Monday, December 15, 2008

Wake up Song

I have a bunch of posts at least half way done for this blog, but for some reason they haven't made it up yet. There's one about the guy I was staying with, another about a guy I met in Durham, and another on church. Those will show up eventually, but I was inspired to put down a few words about something that happened tonight.

In the first post on this blog, I wrote about how I'm not sure how to handle all the thanks and praise I've been getting from friends and strangers for my work on the campaign. At the time, it made me feel awkward, because I wanted to respond with something like, "Honestly, I was just doing my job, and probably a lot of other people would have done it better." That's not what I would say of course, but it was always lingering behind my words. I've gotten better at taking in the thanks of others, but there was still something external about it. The praise only affected me to a point, and my responses came from that amount of depth, and no further.

Tonight all that was nowhere on my mind when I went to see a friend's episodic, gay soap opera. Every week they perform at a bar that has an upstairs part with a stage. I'd been there once before for karaoke night when I delivered a stirring rendition of Sweet Jane. The show follows the drama and exploits of a bunch of gay folk in Chicago. I was lucky enough to see the musical episode. Toward the end, completely unrelated to the plot, a character ran on stage and said "I've been living under a rock for the last month, who won the presidential election?" At that moment the cast broke into an ode to Obama. It was funny and silly like most of the rest of the show, but in those 20 seconds of song I found myself feeling unexpectedly proud. When Obama won I was happy that he would be the next president, and that the journey was over. When he started naming cabinet positions, I got excited because it made the idea of him being president more real to me. When the gay musical interrupted itself to be happy about his victory, it hit me in the chest. No one (that I know of) has ever felt the need to write and perform a song in celebration of something I was a part of.

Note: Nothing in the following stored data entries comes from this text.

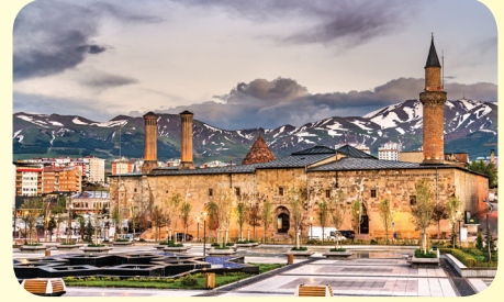
Ulu Cami (Erzurum)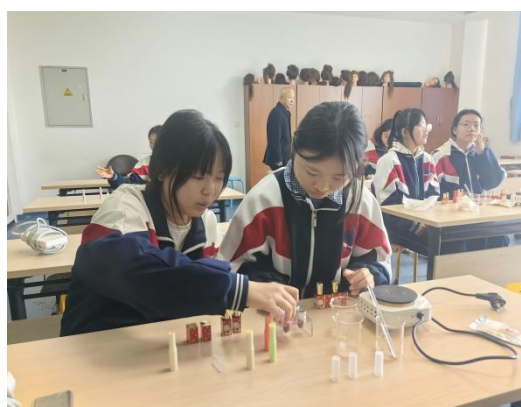
图—36 协同校学生职业体验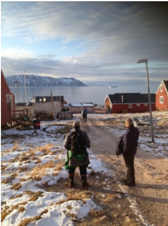
Samtale med en fanger, Siorapaluk, september 2014.

Følgende tre områder, der kobler distriktet med eksterne aktører og politikker, er særlig belyst i denne undersøgelse:

My mind is satisfied knowing that we have a president who may just be able to steer this country through the layered, textured mess we find ourselves in, but my body doesn't know so much about that. It can't taste the recession. It can't see the wars. It can't touch the issues around where we get our energy. It heard the song though. It heard it and it liked it. Feelings source from our bodies and while the rules of bodies are logical, they are often hidden from our conscious minds. I could tell other people that I prefer that they thank me in song, but it might make more sense to tell myself that a lot of people are really happy about this, and some of them are just going to read the New York Times and thank the Obama staffers they happen to come across.